The capacity planning team is now able to assess the impact of additional services very quickly. Instead of having to spend a week crunching numbers in Excel, the team can run a simulation in a couple of minutes and provide a near-instant answer, which gives the business much more confidence in making decisions about investing in new applications.
The use of capacity management tools also gave the company the information it needed to carry out a server consolidation project in 2008, reducing 64 standalone servers to four consolidated frames, knowing that it could so without creating extra risk.
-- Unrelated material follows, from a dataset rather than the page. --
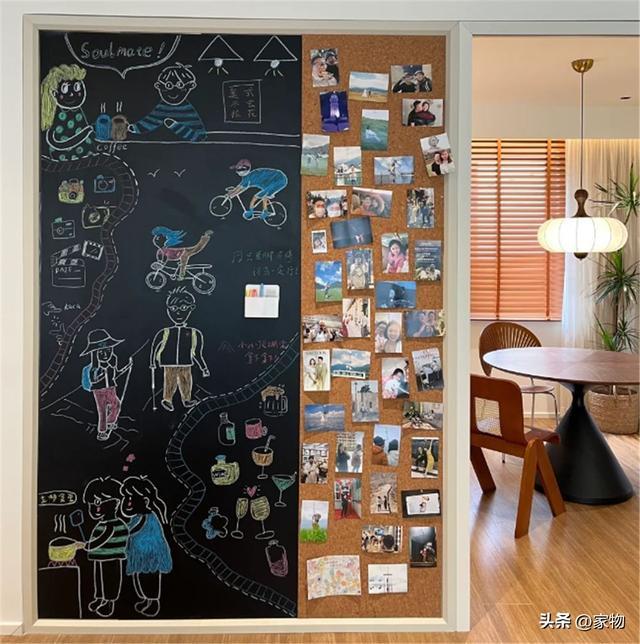 最后,有小朋友的家庭,建议做个磁吸式的黑板墙/白板墙,既可以当做日常的磁吸备忘录,又可以给孩子多一个涂鸦的空间,让他别去祸祸家里其他的墙面。
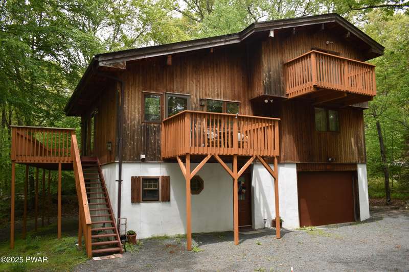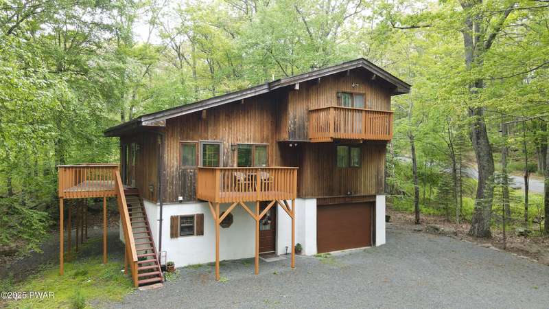 CUSTOM CEDAR RETREAT IN HEMLOCK FARMS. Discover this beautifully crafted 4 bedroom, 3 full bath Lendal Cedar home, custom built and meticulously maintained by its original owner. Situated on a corner lot in the exclusive gated community of Hemlock Farms this home exudes rustic charm and modern comfort. Step inside to tongue & groove cathedral ceilings, rich wooden beams. Lots of natural light with sliders in almost every room. Enjoy views of the 8th hole of the Lords Valley Country Club golf course from expansive decks on two levels. Also perfect for entertaining. Whether you're looking for a full-time residence or a weekend get-away, this home offers the assurance of a well-built home.

It saved not just on the hardware and running costs, but also on the costs of application licenses. It no longer worries about performance issues, because it knows that it has the capacity to cope with peaks in demand: on Christmas Eve, 2008, the company processed more than 730 transactions per second without a disruption.
The firm has found this ability to model the impact of new applications or an increase in the number of transactions particularly beneficial in times of mergers or acquisitions.
As Madden says: “If you’re merging systems or departments, you don’t need as much capacity any more. Instead of having these huge provisioned systems where only 20 per cent or 30 per cent are utilized, you can assign capacity based on end user need.” The introduction of capacity management results in a long-term beneficial change in the way the business and IT relate to each other, because capacity management requires the business to be clear about its requirements. The result is that business decisions are much better-informed than previously, says Way: “Some customers have found that they start to get much more credible and easy-to-generate reports about where they are with performance. That then puts the pressure back on the business to tell IT what they need to do so that IT can plan for it.”